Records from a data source
···

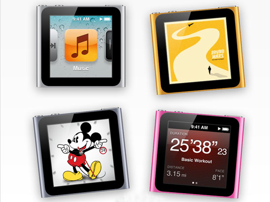 iPod nano(第6世代)はマルチタッチディスプレイとなり、スワイプ操作を利用した新インタフェースになりました。時計デザインが追加され、フィットネスアプリも組込まれています。値段も低価格化しました。
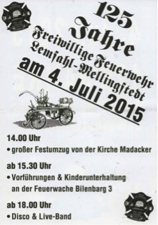 Am Samstag den 04.Juli 2015 öffnen sich die Pforten im Bilenbarg 3 bei der FF Lemsahl-Mellingstedt.
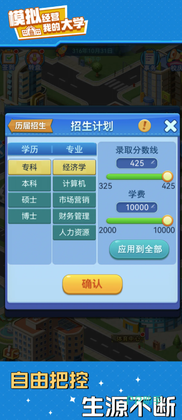 完成建筑建设后,玩家可自主设定各专业录取分数线及学费标准,灵活开设文、理、工、医、艺术等多类学科方向,并统筹安排学生课程、住宿、社团活动与课外实践,构建个性化育人体系,持续吸引优质生源,推动学校综合实力稳步跃升。
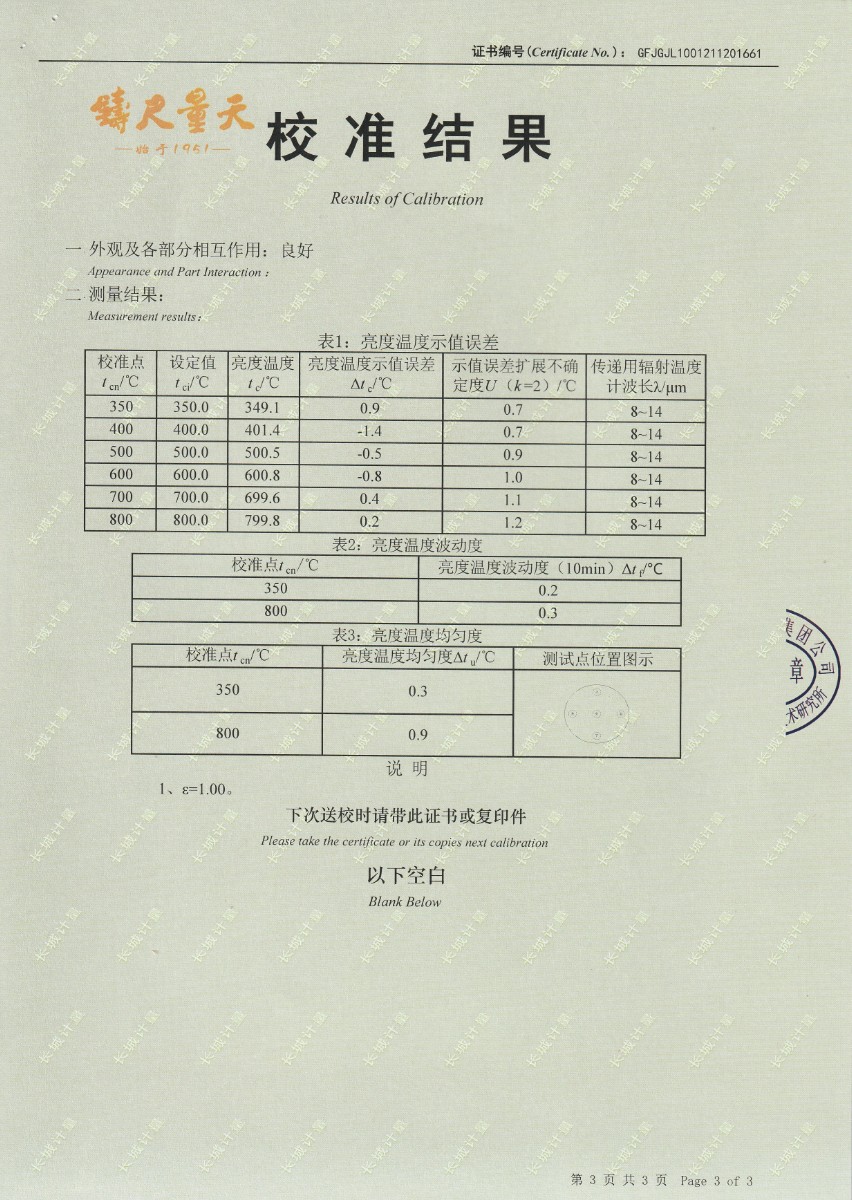 | 上一條:南京理工大學(xué)-黑體輻射源校準(zhǔn)證書(shū)300℃ | 下一條:溫濕度檢定箱(-5~65℃)校準(zhǔn)證書(shū) |
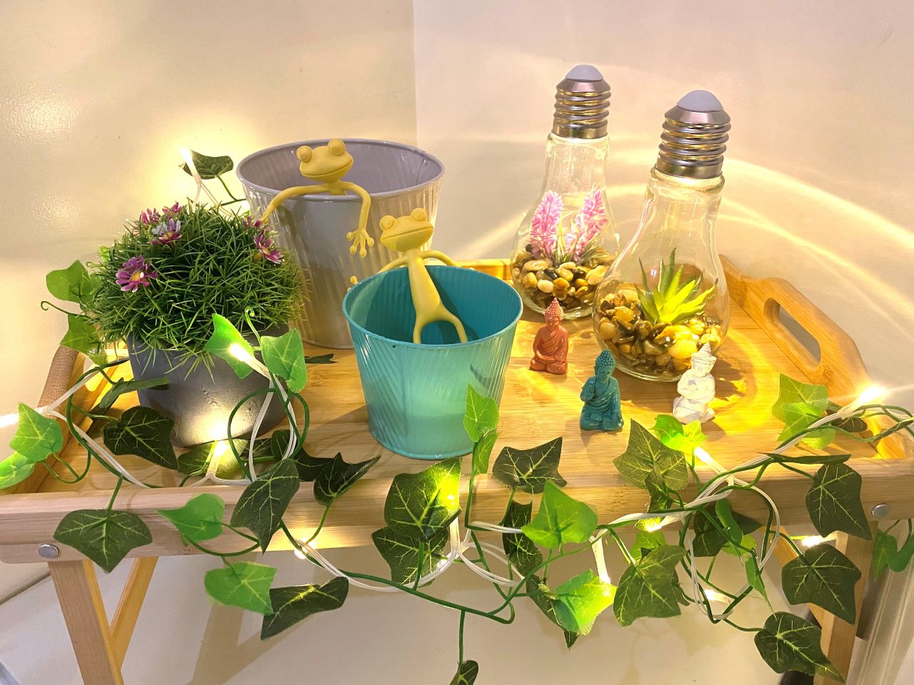 トレーテーブルに植物を置いてお部屋に緑コーナーを作ったり
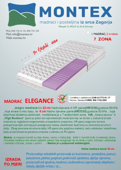 Jezgru madraca čini 22 cm hladnolijevane ili HR pjene(HR3536) gustoće 36 kPa , koja stvara čvrstu bazu, te 6 cm hladno lijevane pjene (HR3530) gustoće 30 kPa , koja doprinosi dodatnoj udobnosti, modelirana je u 7 anatomskih zona. HR, „hladno lijevana“ ili „High Resilient“ pjena je jedan od najkvalitetnijih materijala koji se koristi u industriji izrade madraca sa naglašenim ergonomsko ortopedskim svojstvima. HR pjena osigurava izvrsno podupiranje tijela zahvaljujući postignutoj visokoj elastičnosti baziranoj na otvorenoj strukturi ćelija. Zbog otvorene strukture ćelija, HR pjena ima pojačanu mekoću, veću udobnost i elastičnost, bolju prozračnost te povećanu trajnost u odnosu na PU pjenu. Madrac je moguće koristiti sa obje strane, ovisno o Vašoj želji, želite li koristiti tvrđu ili mekaniju stranu. Presvlaka madraca ima ušiven patentni zatvrač koji omogućuje da se skida u svrhu čišćenja i održavanja ( kemijsko čišćenje, pranje u perilici . . .)
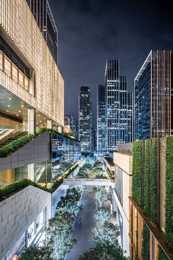 城市山谷间,自然流淌、商业跃动,匆匆的都市人重拾闲适,设计书写空间叙事,编织诗意栖居。
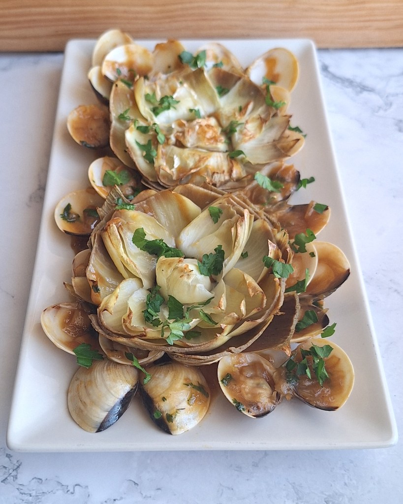 Coloca las almejas en la base del plato y encima las flores de alcachofa. Decora con perejil fresco picado.
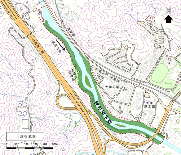 林村河下游位處於大埔,從林村谷向東流入吐露港,該人工河道由植草磚河底及樹島構成。於2015年未,渠務署在近梅樹坑遊樂場的河道開展了一次生態改善試驗研究 ,有關的試驗研究詳情,可按此處瀏覽。
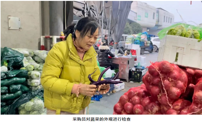 采購現(xiàn)場,每一種菜品都要經(jīng)過采購員的嚴(yán)格檢查,不僅是要對品種進行對比,選出最好吃的種類,還要考量菜品的質(zhì)量,外觀得要好看,不管是茄子還是土豆都要有“顏值”。
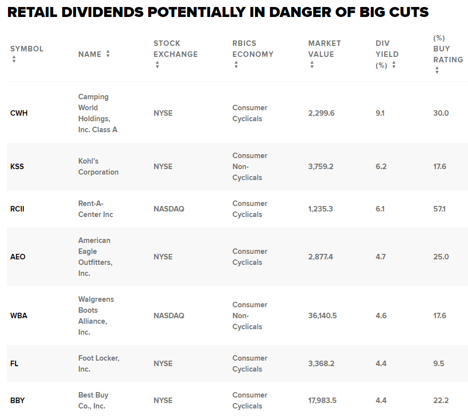 Také některé finanční ukazatele maloobchodníků, které pomáhají měřit udržitelnost dividend, se natahují.
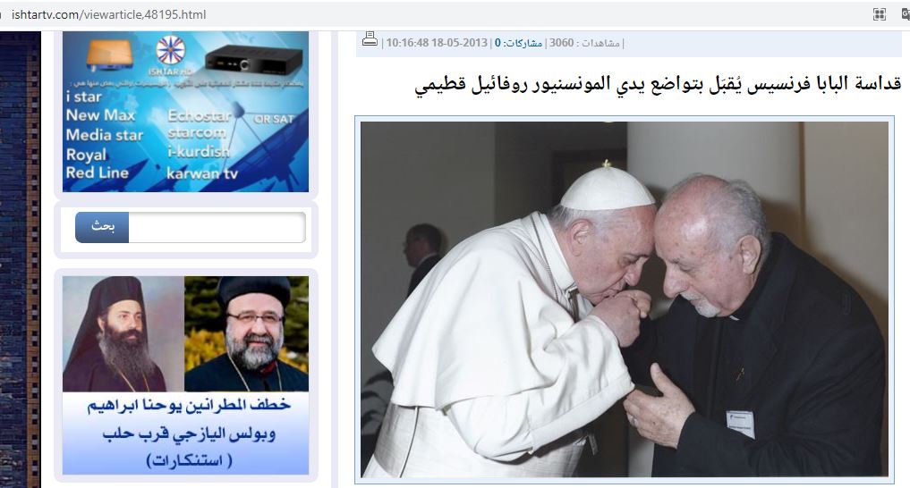 في ايار 2013، انتشرت للبابا فرنسيس صورة له مقبلا يد الأب روفائيل القطيمي، الكاهن العراقي الذي نجا من الموت في مجزرة كنيسة سيدة النجاة في بغداد في 31 تشرين الاول 2010 (وهنا ايضا).
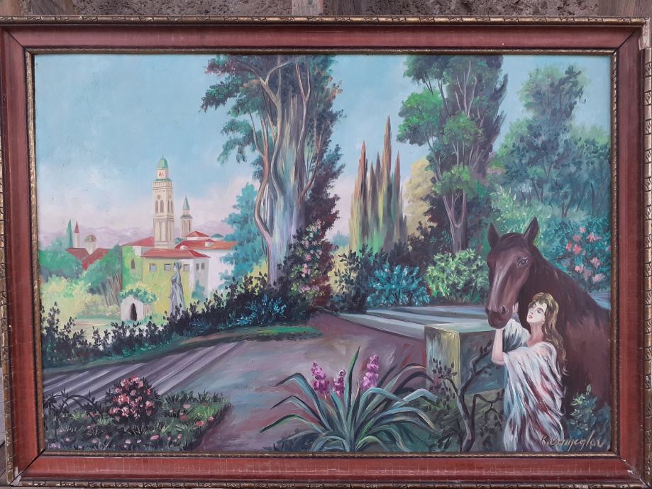 Prodaje se umjetnička slika sa motivom engleskog perivoja sa potpisom R. Banjeglav. Slika je slikana tehnikom ulje na lesonitu. Dimenzije slike su 80x55 cm. Okvir slike je oštećen na više mjesta (vidljivo na fotografijama). Cijena slike je 253 eura. Mogućnost osobnog preuzimanja u Zadru. Kontakt broj mobitela 091 131 10 36.
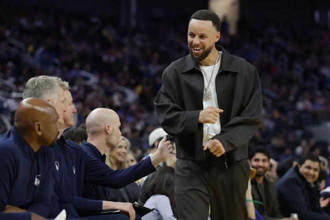全明星前勇士對湖人的比賽中,庫里幾乎整場都站在替補席為隊友加油。
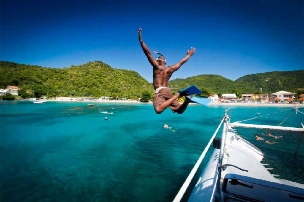 Le matin, le catamaran met le cap sur le célèbre Rocher du Diamant, naviguant à la voile. Si vous êtes chanceux, des dauphins pourraient accompagner votre trajet. Ensuite, découvrez les charmants villages de pêcheurs des Anses d’Arlet et terminez la matinée sur une plage de sable blanc. Profitez d’une baignade rafraîchissante et d’une plongée libre pour explorer les fonds marins.
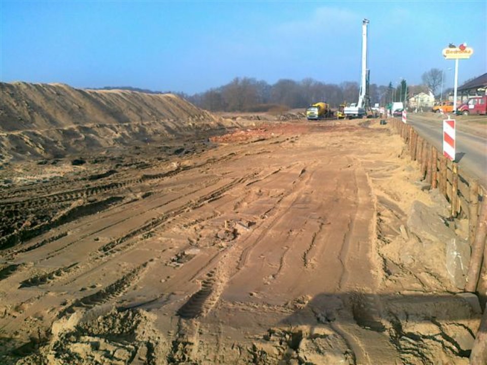 - nasypy z piasku (na odcinku do nowo projektowanego mostu);
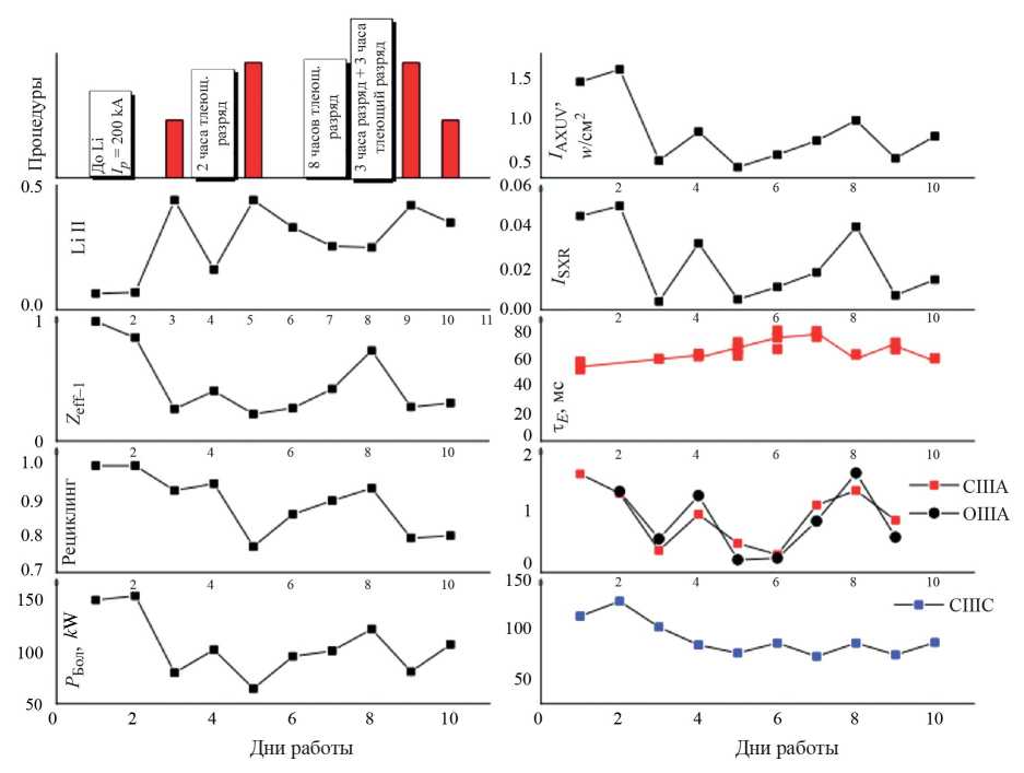 На рис. 7 приведено изменение параметров плазмы в течение экспериментальной кампании с литием 2008 г. Параметры плазмы измерялись в первых импульсах рабочего дня. На левом верхнем графике приведены названия процедур, проделанных перед началом эксперимента каждого дня. Красными столбиками отмечены процедуры литиизации, причем их высота соответствует длительности напыления 10 и 20 мин. Перед остальными рабочими днями литий не напылялся, но проводились различные процедуры чистки камеры, отмеченные на рисунке.
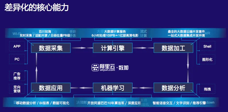 数加平台和其他服务差异化的地方在于,其不仅提供了数据计算和存储能力,还提供了大数据整体端到端的应用闭环,他不仅能帮用户采集数据,还能帮大家如何用数据。
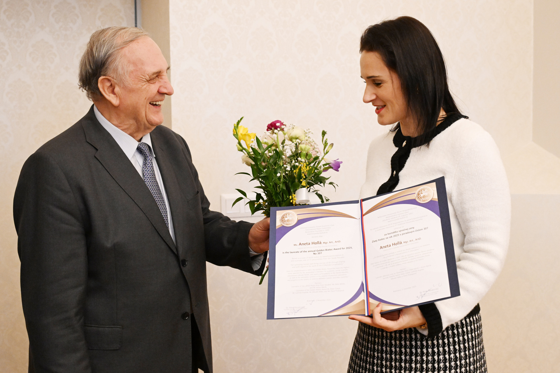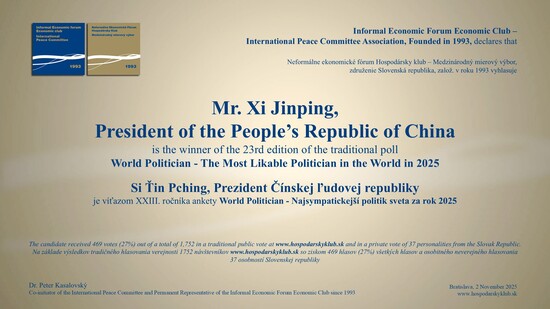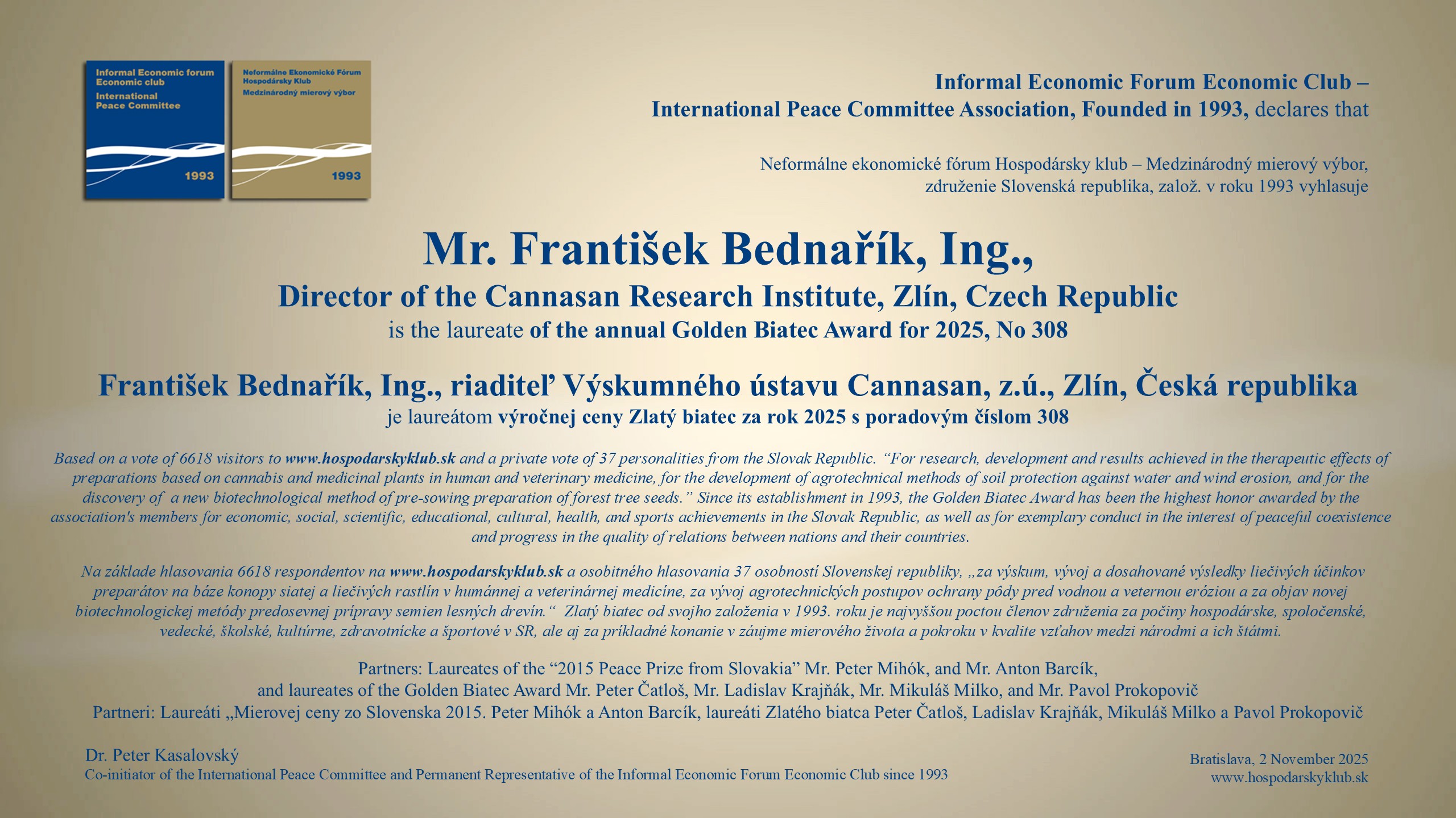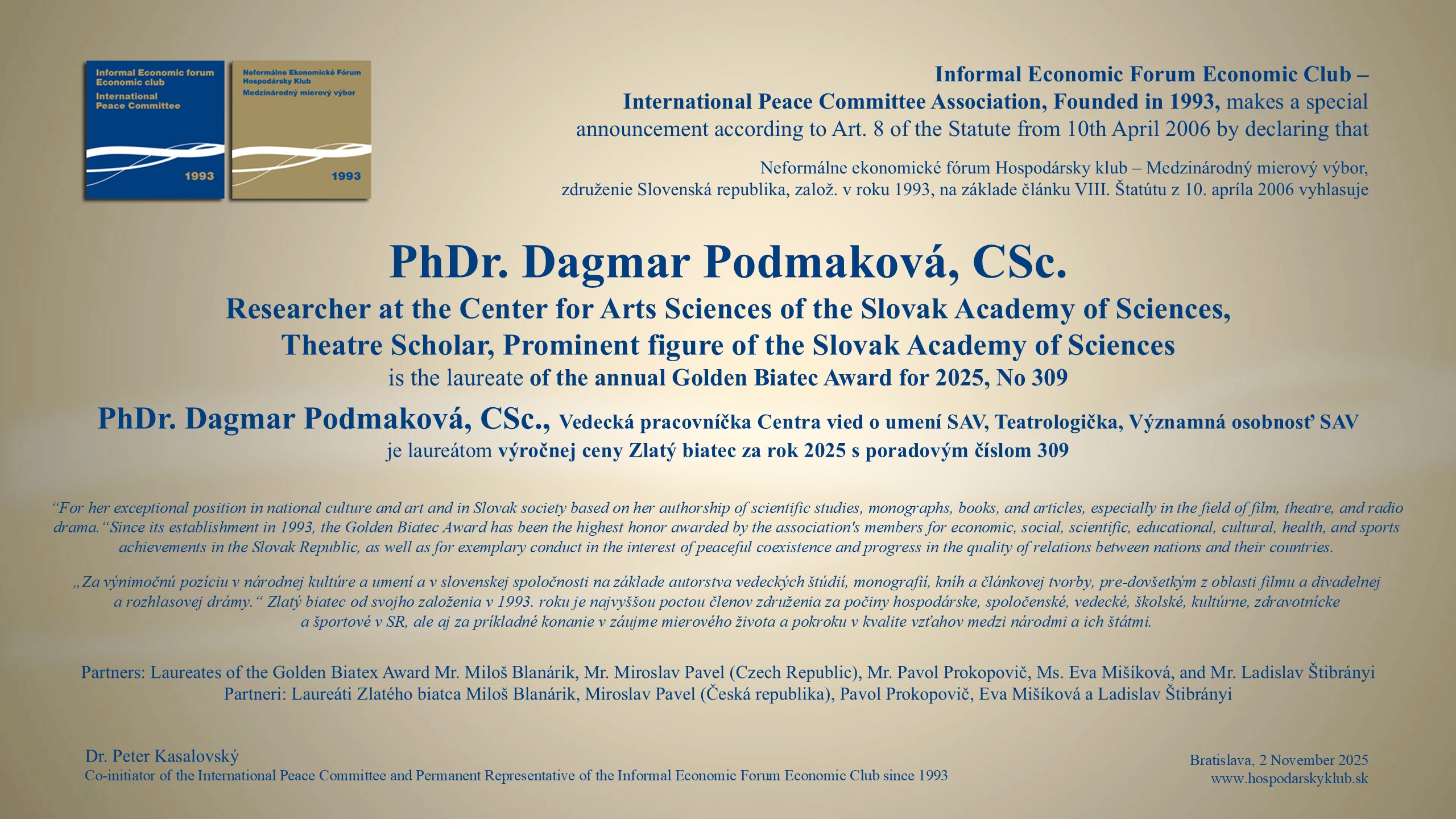 V najstaršom bratislavskom restaurante bola 4. decembra 2025 na pravé poludnie "Slávnosť na počesť skvelých osobností" : 36. laureáta "Mierovej ceny zo Slovenska 2015", piatich nových laureátov Zlatého biatca s poradím medailí od 306 do 310, víťazov tradičných ankiet World Politician, BEST BANK a Najsympatickejšia osobnosť slovenskej politiky a spoločnosti. Ceny odovzdávali reprezentanti vyše 32-ročného združenia a jeho Medzinárodného mierového výboru.

···

### WORK TO BE COMPLETED
Using the records above, return verbatim only the part that opens with the line containing "城市山谷间,自然流淌、商业跃" and closes with the line containing "في ايار 2013،"; pictures stay out.

### ANSWER SECTION
 城市山谷间,自然流淌、商业跃动,匆匆的都市人重拾闲适,设计书写空间叙事,编织诗意栖居。
 Coloca las almejas en la base del plato y encima las flores de alcachofa. Decora con perejil fresco picado.
 林村河下游位處於大埔,從林村谷向東流入吐露港,該人工河道由植草磚河底及樹島構成。於2015年未,渠務署在近梅樹坑遊樂場的河道開展了一次生態改善試驗研究 ,有關的試驗研究詳情,可按此處瀏覽。
 采購現(xiàn)場,每一種菜品都要經(jīng)過采購員的嚴(yán)格檢查,不僅是要對品種進行對比,選出最好吃的種類,還要考量菜品的質(zhì)量,外觀得要好看,不管是茄子還是土豆都要有“顏值”。
 Také některé finanční ukazatele maloobchodníků, které pomáhají měřit udržitelnost dividend, se natahují.
 في ايار 2013، انتشرت للبابا فرنسيس صورة له مقبلا يد الأب روفائيل القطيمي، الكاهن العراقي الذي نجا من الموت في مجزرة كنيسة سيدة النجاة في بغداد في 31 تشرين الاول 2010 (وهنا ايضا).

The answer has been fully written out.